With no equivalent international pressure to concede the defeat of its so-called Lost Cause, America has resisted such reconstruction. Until June 2020, the Confederate flag was immortalized in the state flag of Mississippi. It hangs not just from pickup trucks in the deep-red states but from a window I used to pass often in the East Village in New York. And while survivors of the Holocaust were accorded restitution after World War II, the United States has failed to issue reparations to its Black citizens for the enslavement of their ancestors as well as for the lawful, punitive discrimination and violence that continued here unchecked until the Civil Rights Act of 1964 and which has endured in quieter forms ever since. The bill that would establish a committee just to examine how reparations would work was first introduced in the House of Representatives in 1989; it has failed to pass in each session since.
It is at best crude and at worst immoral to compare traumas. The Holocaust was a genocidal reign of terror that intended to and almost succeeded in wiping out a group of people for whom discrimination and persecution has been a fact of their existence for centuries. Nazis didn’t just kill their victims but — as the historian Timothy Ryback detailed in the New Yorker — “harvested” them, using their remains as literal fuel to power the regime. After gassing men, women, and children, Nazis collected hair from their corpses and sold it to German companies at 20 pennies per kilo to be woven into textiles or used to line the boots of U-boat crews.
The American enslavement of Black people — who were stolen from their own lands and brought to these shores beginning in 1619 — predates the founding of the United States. While there was a Germany before the Holocaust and a revived democracy after it, there is no United States without slavery. America would not exist without the Black people who laid its literal foundations.
The journalist Nikole Hannah-Jones has written that Black Americans were deprived of their rights and debased in order to rationalize “the extraction of profit” from their bodies. Their dehumanization was so total, the historian James Whitman writes, that when the Nazis sat down to write the Nuremberg Laws that would strip Jews of their German citizenship and looked to America’s legal discrimination for inspiration, the Germans balked: “The one-drop rule was too harsh for the Nazis.”
Evil can’t be ranked, not least because drawing false equivalences between particular horrors would, in fact, be in the Nazi tradition.
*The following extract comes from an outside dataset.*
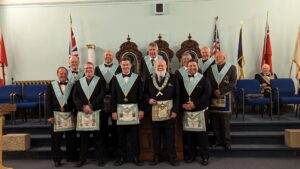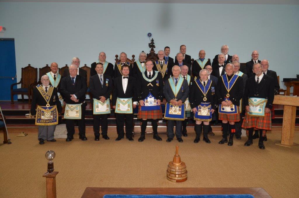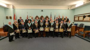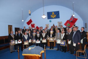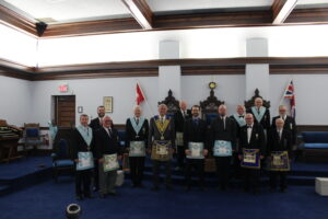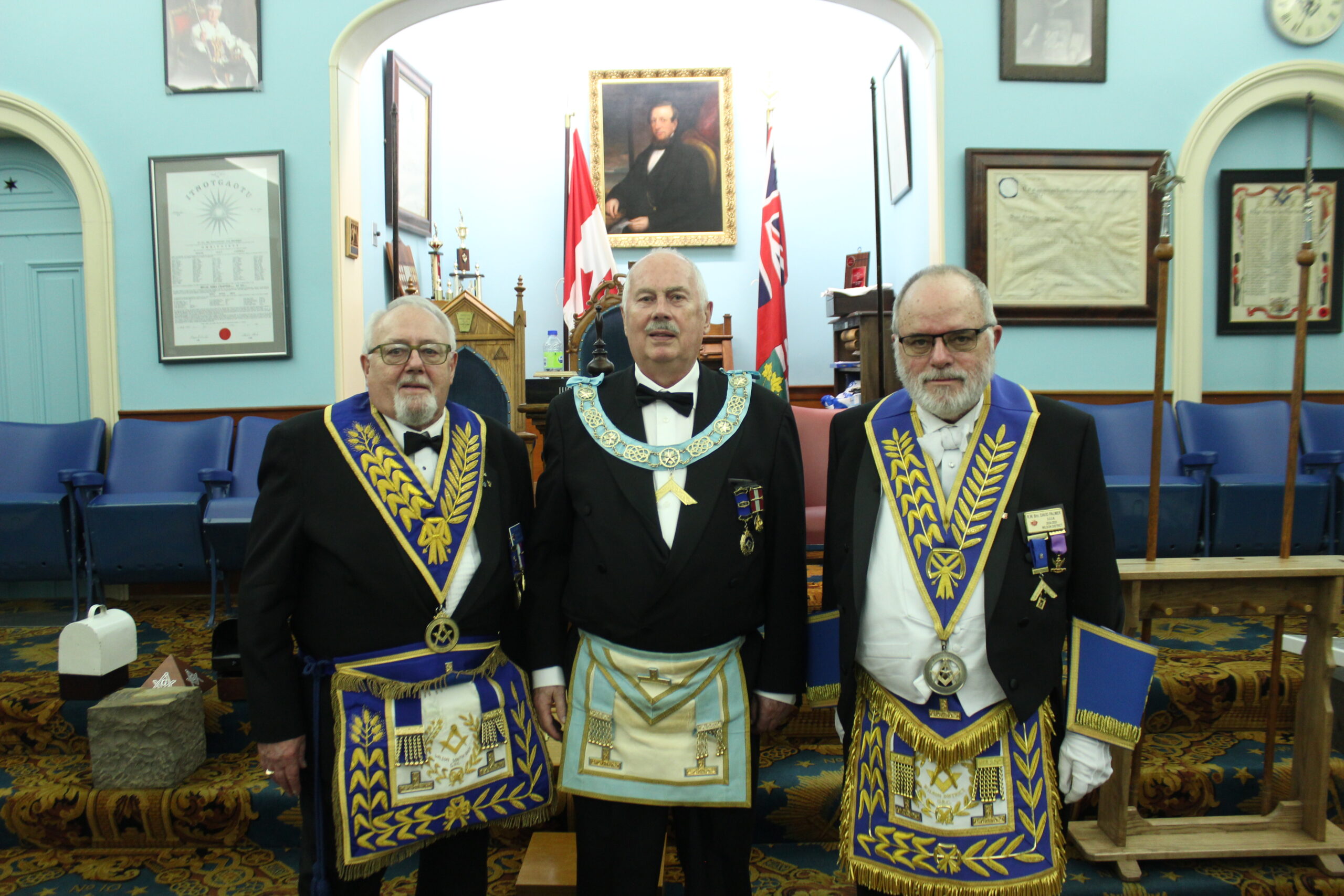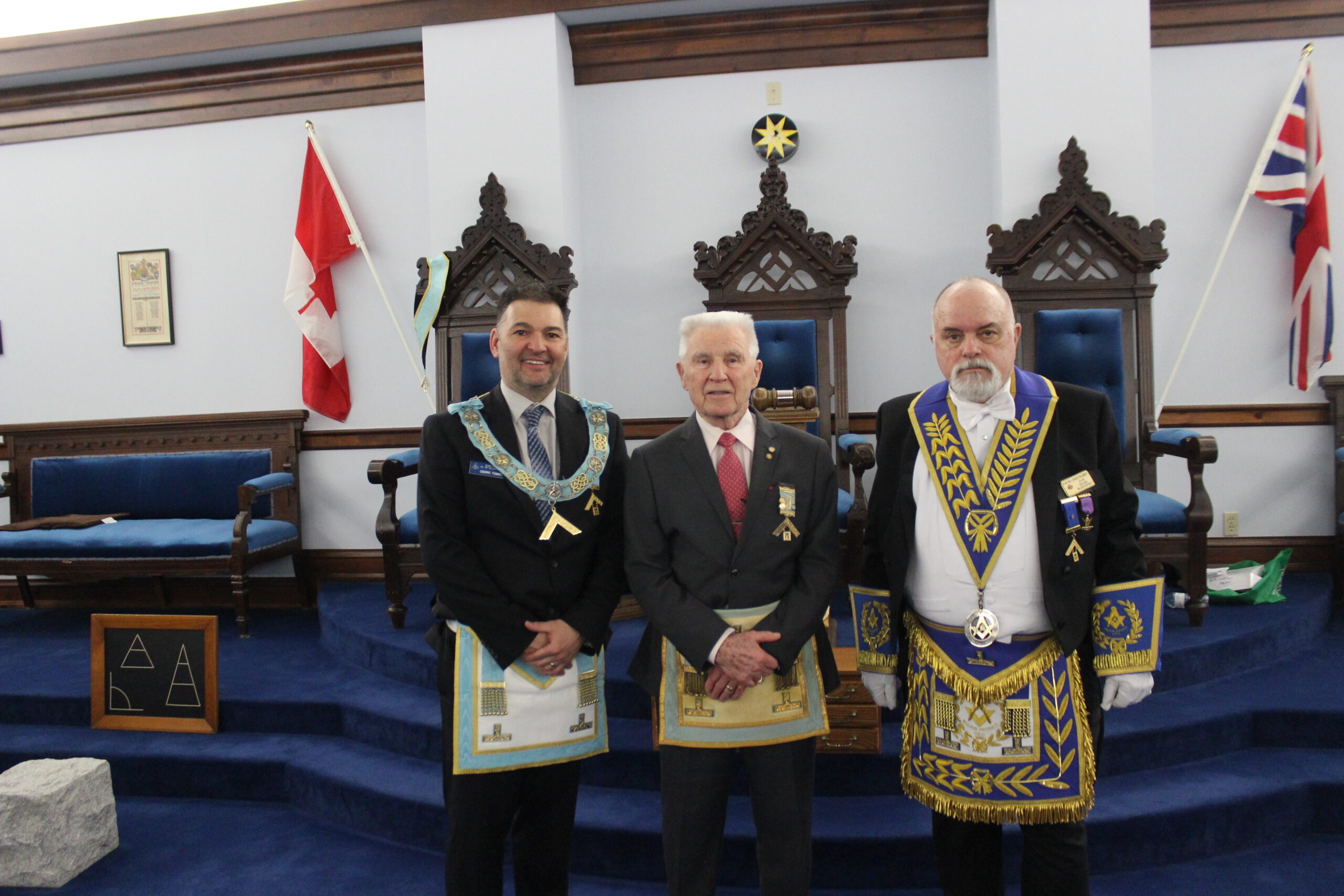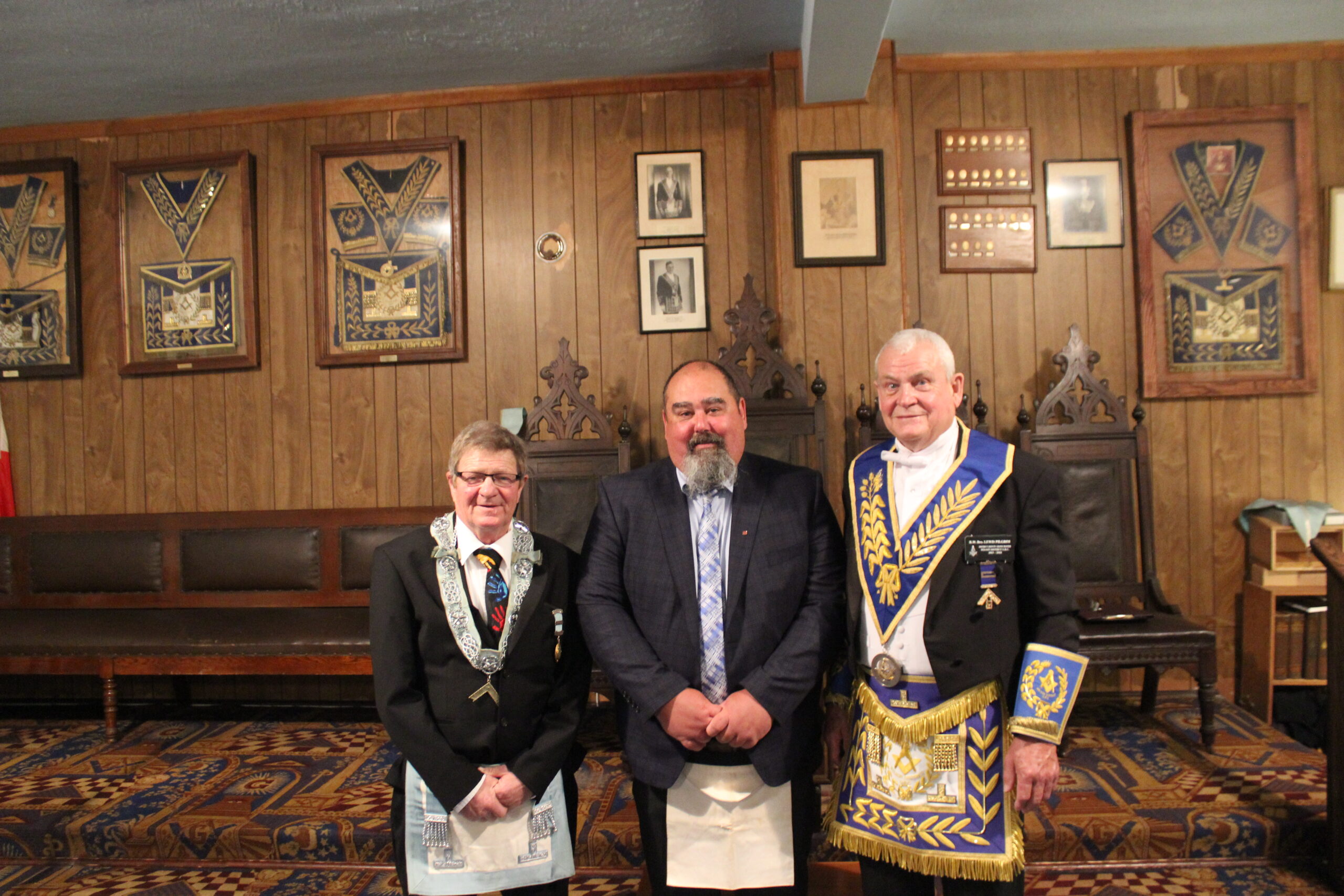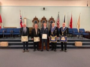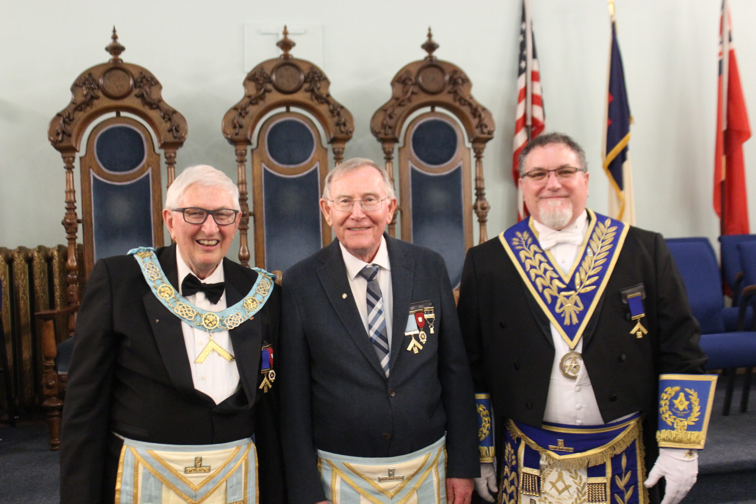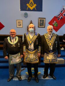 September 20, 2024 l-r: W.Bro. Scott Mitchell- Bro. Ken McPhee M.M. - R.W.Bro David Palmer D.D.G.M. -R.W. Bro. William Sequi

Like the caretaker at Dachau, most Germans offloaded the blame for their predicament onto their enemies, even as their new government made tepid mea culpas. The United States had bombed their cities, and the Allies had flattened them. And who were the Americans — with their exile and mass murder of Native Americans — to lecture them? Were the Germans’ misdeeds really worse than other nations’ crimes?
But a person doesn’t need to debate comparative sin to measure, as Neiman puts it in her book, comparative redemption. The fact is that German culture is suffused with the terrible knowledge of what its citizens perpetrated. In America, amnesia prevails, our textbooks and laws scrubbed of so much of what happened here.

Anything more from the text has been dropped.